The results indicated that the first generation of mutants are already close to the maximum performance achievable through mutagenesis. The successful mutagenesis strategy has been reported in a publication. (ChemComm, 47, 7392?7394, 2011).

b.3 Amidases with increased synthetic efficiency and improved regioselectivity for more cost effective enzymatic synthesis of beta- lactam antibiotics (substrate promiscuity)

The objective of the present task was engineering the enzyme Penicillin acylase/amidase (PA) leading to higher synthesis/hydrolysis ratio in beta-lactam antibiotic synthesis to promote the shifting from chemical to enzymatic penicillin synthesis in industry. The objective has been achieved by Partner MSU by rationally designing PA mutants endowed with: a) increased nucleophile affinity and reactivity; b) decreased unproductive acyl donor hydrolysis; c) improved selectivity to make more cost effective enzymatic routes to semi-synthetic beta-lactam antibiotics.
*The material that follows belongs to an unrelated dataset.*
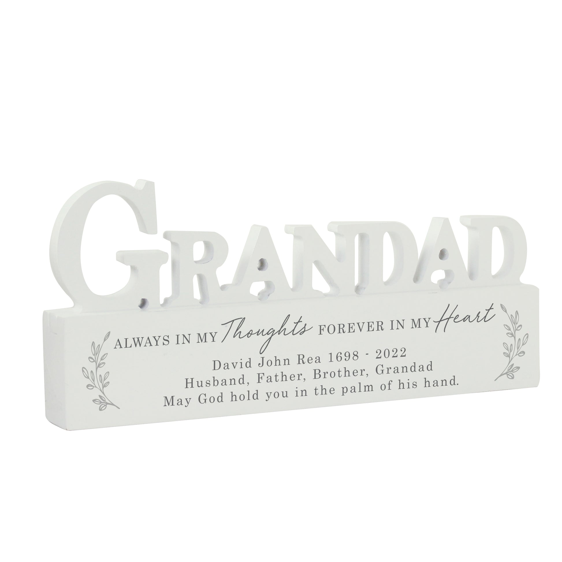 This Personalised In Loving Memory Wooden Grandad Ornament is perfect for remembering a loved one.

The rational design of the mutants was based on the modeling of molecular mechanism of the enzyme action, by means of hybrid QM/MM methods (MSU, MLT) and by modeling nucleophile binding by native enzyme and its mutant forms using molecular docking and molecular dynamics methods, also thanks to the novel software developed (MLT, MSU).

The MD simulation of acylenzyme-nucleophile complexes was used to characterize nucleophile reactivity by applying structural filters and collecting statistics of the so-called near attack conformations from the MD trajectories. Comparison of computationally modeled and experimentally measured nucleophile reactivity parameters confirmed validity of the suggested computational approach for evaluation of the synthetic potential and nucleophile specificity of wild type penicillin acylase and its mutants.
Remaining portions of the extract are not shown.